Lab Test Considerations:
Verify negative pregnancy test before starting therapy.
- Monitor serum amylase and/or lipase levels to identify early signs of pancreatic inflammation.
- Monitor PT, aPTT, fibrinogen in patients with signs and symptoms of hemorrhage.
- Monitor bilirubin, AST, and ALT at least weekly, during cycles of calasparagase through 6 wks after last dose. If total bilirubin >3 x to ≤10 x ULN, hold therapy until total bilirubin levels ↓ to ≤ 1.5 x ULN. If total bilirubin >10 x ULN, discontinue calaspargase and do not make up for missed doses. May also cause ↓ serum albumin and plasma fibrinogen.
- May cause hyperglycemia and glucose intolerance.
- Deficient knowledge, related to medication regimen (Patient/Family/Teaching)

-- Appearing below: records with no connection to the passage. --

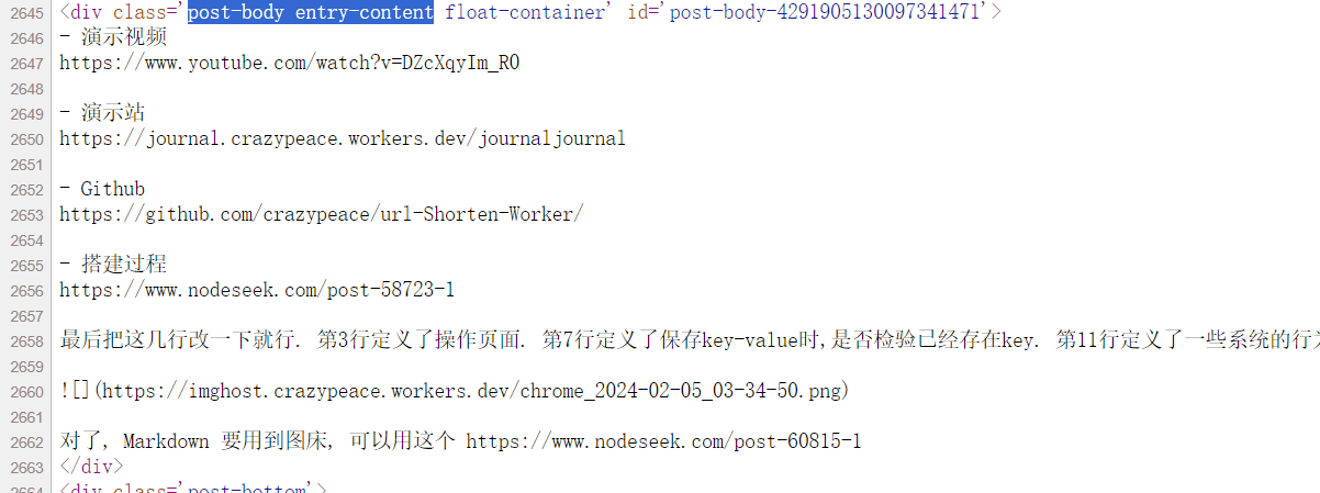 然后查看此页面的源码, 发现正文的html部分有class为 post-body entry-content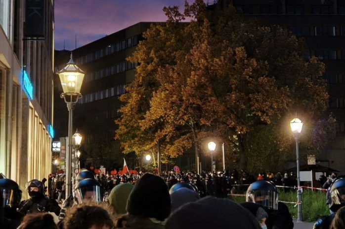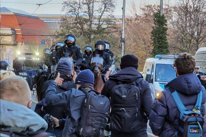 Mehrere hundert Pandemie-Leugner/-innen befinden sich in der Großen Fleischerkasse in einem Polizeikessel. An allen anderen Orten in der Innenstadt scheint es mittlerweile ziemlich ruhig geworden zu sein. In der Hainstraße kam es vor etwa einer halben Stunde zu einer Auseinandersetzung zwischen Gegendemonstrant/-innen und mutmaßlichen Neonazis. Ob es dabei Verletzte gab, konnten wir nicht feststellen.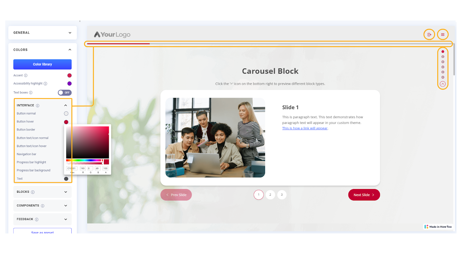 The interface colors apply to any text, buttons, indicators and backgrounds in the navigation or progress bar.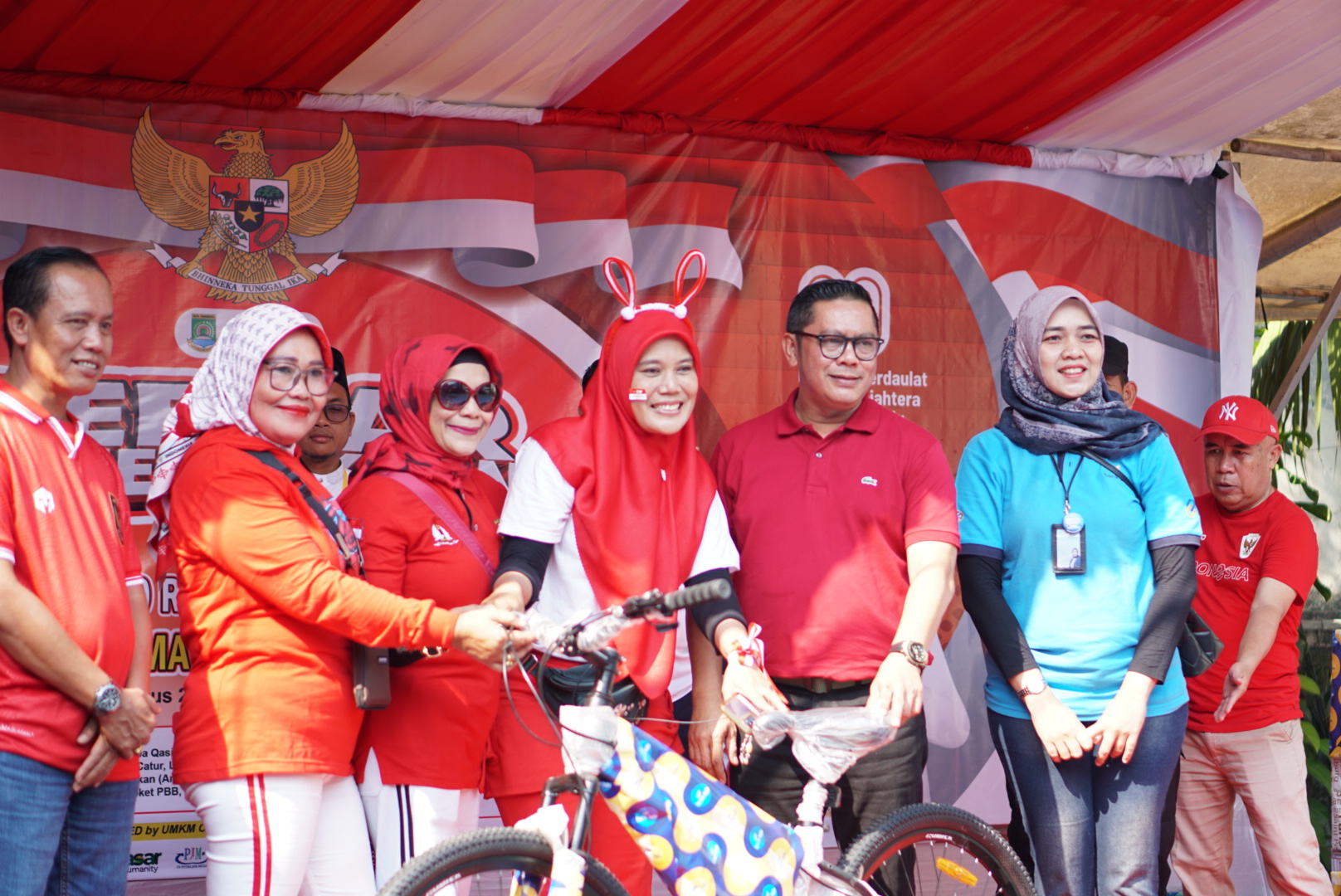 Warga juga mengenakan berbagai pakaian bernuansa merah putih untuk meramaikan acara. Pemenang lomba kostum terbaik, Wahyu Wastuti asal Gebang Raya memadu padankan pakaian tradisional kebaya purih dan batik merah dengan hiasan yang dibuat dari plastik daur ulang.

- High Alert: Fatalities have occurred with chemotherapeutic agents. Before administering, clarify all ambiguous orders; double check single, daily, and course-of-therapy dose limits; have second practitioner independently double check original order, dose calculations and infusion pump settings.
- Intermittent Infusion: Solution is clear and colorless; do not administer solutions that are discolored, cloudy, or contain particulate matter. Stable at room temperature up to 4 hrs or refrigerated up to 48 hrs; do not administer solutions that have been shaken or vigorously agitated, frozen, or stored at room temperature for more than 48 hours. Protect from light; do not freeze. Dilution: 100 mL of 0.9% NaCl or D5W.
- Rate: Administer immediately after dilution into running infusion of 0.9% NaCl or D5W over 1 hr.
- Explain purpose of medication to patient.
- Advise patient to notify health care professional immediately if signs and symptoms of hypersensitivity, pancreatitis, thromboembolism, hemorrhage, or hepatotoxicity (jaundice, severe nausea or vomiting, easy bruising or bleeding) occur.
- Advise patient to notify health care professional if excessive thirst or any increase in the volume or frequency of urination occurs.
- Instruct patient to notify health care professional of all Rx or OTC medications, vitamins, or herbal products being taken and consult health care professional before taking any new medications.
- Rep: May be teratogenic. Advise women of reproductive potential to use effective contraception, including a barrier method, and avoid breastfeeding during therapy and for at least 3 months after last dose. Notify health care professional if pregnancy is planned or suspected or if breastfeeding. Calasparagase can render hormonal contraceptives ineffective; use non-hormonal contraceptive methods.
Improvement of hematologic status in patients with leukemia.